I utilized all of Voyant’s given tools to compare the frequency of words in various states. Specifically, I compared the states of Alabama and Maryland to each other by seeing the distinctive words utilized in their interviews.  For instance, Alabama used distinct words like  didn’t (357), alabama (138), ain’t (213), don’t 182), ca’se (69), caze(104), couldn’t (103), i’s (93), i’se (92), dat’s (90). Maryland used distinct words like  bowie site. (17), baltimore (64), ellicott(11), cockeysville (11), arundel (9), annapolis (9), md (11), maryland (60), rezin(7), manor (6). From this analysis, I was able to conclude that Alabama’s distinct words referred to their unique dialect while Maryland’s distinct words referred to Maryland African American communities. In using Voyant, I was able to see that while textmining is useful in searching through large sets of data-it is imperative that a person is working in conjuction with the software to get rid of unnesessary “stop” words and to make sense of the words that are repeated throughout to draw historical conclusions.

 

Why Metadata Matters

Metadata is “structured textual information that describes something about the creation, content or context of a digital resource” (Jisc, 2014). Metadata enables items to be discoverable in a database or archive due to the field information provided. Researchers, patrons and digital humanists can use the metadata provided in common fields like title, subject, description, creator, date, format, type and location to find artifacts and documents.The common fields present digital humanists with a source’s context and descriptive infromation. Context and description are the most essential parts of metadata as they help digital humanists understand “the physical and digital origin, structure, and technical makeup” of a resource (Carbajal and Caswell, 2021, pg.1108 ). From this, digital humanists can improve their own understanding of their research and appropriately utilize primary and secondary sources in the digital humanities.

Additionally, metadata serves a purpose in maintaining an archive’s material infrastructure which can then aid the digital humanities as a whole. Maintaining infrastructure through the preservation of physical and digital records will feed into the ever changing architectural, technological, social, epistemolgical, and ethical structures of an archive (Carbajal & Caswell, 2021). Consequently, digital archivists can fullfill the needs of their digital users by adopting improved metadata standards to extinguish problematic metadata. The continued maintenance of material infrastructure has the power to place checks on the political, historical, and cultural biases of the archivist or archive in order to better satisfy the needs of a diverse population of digital users.

Tropy and Omeka can assist digital humanities practitioners in research organization and collaboration. Trophy is a software tool and unified system that enables researchers to manage and describe the image files of archival materials. Archival photographs can be saved and viewed for future reference within Tropy.  Specifically, common field information for resources can be saved within the software and organized into various projects and collections.

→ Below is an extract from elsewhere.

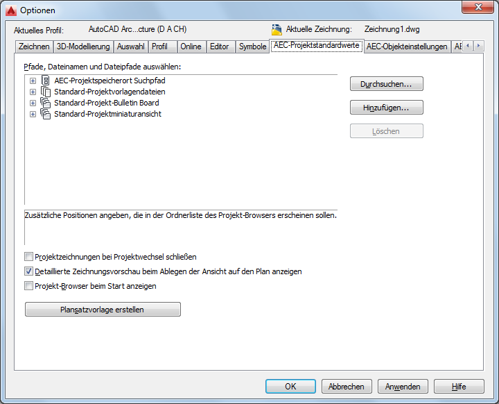 Festlegen der Vorgabeoptionen für AEC-Projektstandardwerte in der aktuelle Zeichnung

Similarly, Omeka serves as a computer software that assists researchers in organizing their materials. Omeka also has interoperability which allows users to share Tropy’s archival metadata with a larger audience. For instance, I am now able to share my findings related to Service Guardian and Hamilton Beach cookware. Software like Tropy and Omeka enabled me to become more thorough with locating and writing the correct metadata. Since Omeka is a resource that can be shared with others, I wanted to make sure that I was using the correct subject, name, title, and name authorities for my kitchen collection. I also wanted to develop enough accurate background knowledge on my kitchen items to provide the correct contextual and descriptive information. Fortunately, Tropy and Omeka enable users to follow the best practices in maintaining metadata by offering archival organization and information sharing.